Online-Streaming ist nicht DAS Geschäft, sondern nur ein Teil des Geschäfts mit Vermarktungsrechten nach der Erstaustrahlung im US-TV. Amerikanische Serien werden auch immer noch traditionell übers Fernsehen vermarktet und das läuft in Deutschland eben nur in Synchro (und das dauert). Und solange sich deutsche TV-Sender und Online-Anbieter wie Netflix nicht einig sind, wer wann was wie senden darf und zu welchem Preis, gibt es eben auch keine amerikanischen Serien direkt nach der Erstausstrahlung im O-Ton in Deutschland legal im Netz. Da kann die ominöse "Filmindustrie" auch nichts für...


----------



## -Chefkoch- (29. Februar 2016)

Primer schrieb:


> Hmm, dann sollte ich mich doch nochmal etwas tiefgreifender damit beschäftigen. Ich nehme aber mal an das die nicht in Deutschland vorhandenen Serien bei der Verwendung der US Version via VPN auch keine deutschen UTs bieten?

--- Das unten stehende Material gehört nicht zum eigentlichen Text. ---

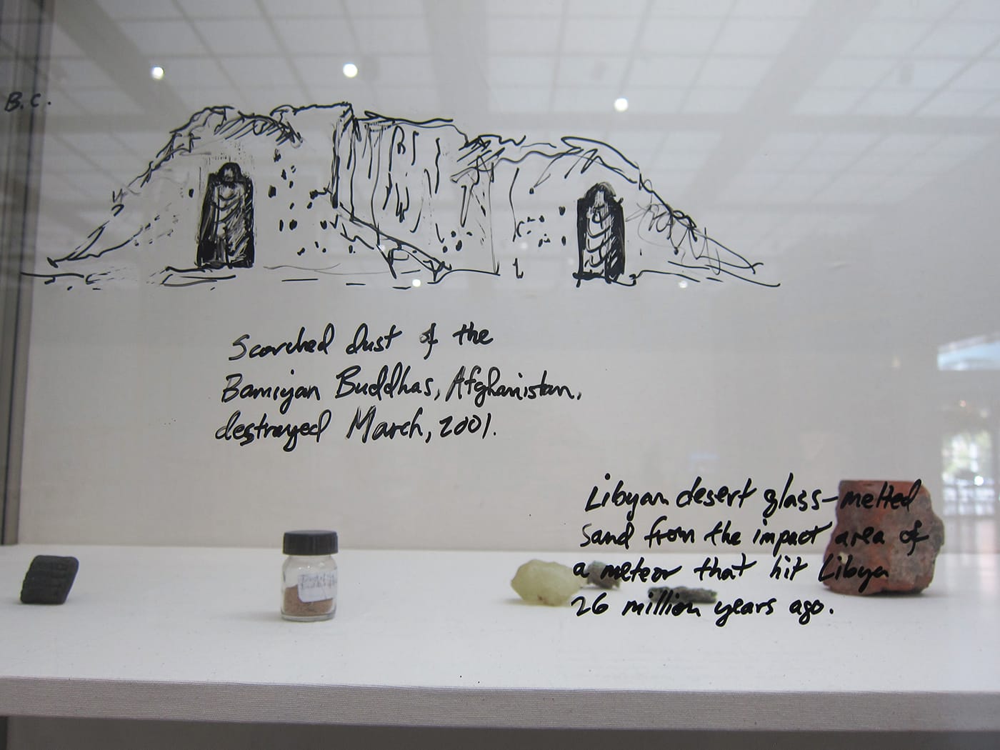 Yes, of the Star Wars trilogy. Such strange, surprising nuances are embedded throughout the exhibition and can easily be overlooked. Like “Return” — shown here in the form of a video chronicling the saga — Rakowitz’s work is incredibly involved, heavily researched, and centers on unexpected connections, and each of his installations is accompanied by a copious amount of explanatory wall text. Highlighting two decades of Rakowitz’s thought-provoking work, Backstroke of the West is a dense and challenging display, but it does important work of exposing the marginalized realities of war. Much of the exhibition refers to histories related to the US-led invasion of Iraq (Rakowitz is Iraqi-American) although dismal records of violence in other countries appear in the installation What Dust Will Rise?, which frames mundane material from disaster zones as valuable specimens.

Bei den Eigenproduktionen von Netflix hast du deutsche Sprache sowie Untertitel, der Rest hat nur englische Untertitel.


----------



## Primer (29. Februar 2016)

Achso, dachte man bietet in jedem Land sämtliche UTs an, sofern vorhanden.


----------



## Master-Gaben (29. Februar 2016)

Primer schrieb:


> Fällt das wirklich ins Gewicht oder betrifft das nur ein paar wenige Ausnahmen? Überlege im Moment Netflix (de) zu holen...


Kommt darauf an was für Serien du gerne schaust. Die bekannten gibt es meistens auch auf DE Netflix, aber auf US gibt es halt noch viel mehr. 
Wenn man noch nicht so viele Serien geschaut hat, hat man auf DE Netflix aber auf jeden Fall erstmal ausreichend Content zur verfügung (Walking Dead, Breaking Bad, Prison Break, House of Cards, Orange is the new Black, American Horror Story, etc)


----------



## Leob12 (29. Februar 2016)

Scholdarr schrieb:


> Online-Streaming ist nicht DAS Geschäft, sondern nur ein Teil des Geschäfts mit Vermarktungsrechten nach der Erstaustrahlung im US-TV. Amerikanische Serien werden auch immer noch traditionell übers Fernsehen vermarktet und das läuft in Deutschland eben nur in Synchro (und das dauert). Und solange sich deutsche TV-Sender und Online-Anbieter wie Netflix nicht einig sind, wer wann was wie senden darf und zu welchem Preis, gibt es eben auch keine amerikanischen Serien direkt nach der Erstausstrahlung im O-Ton in Deutschland legal im Netz. Da kann die ominöse "Filmindustrie" auch nichts für...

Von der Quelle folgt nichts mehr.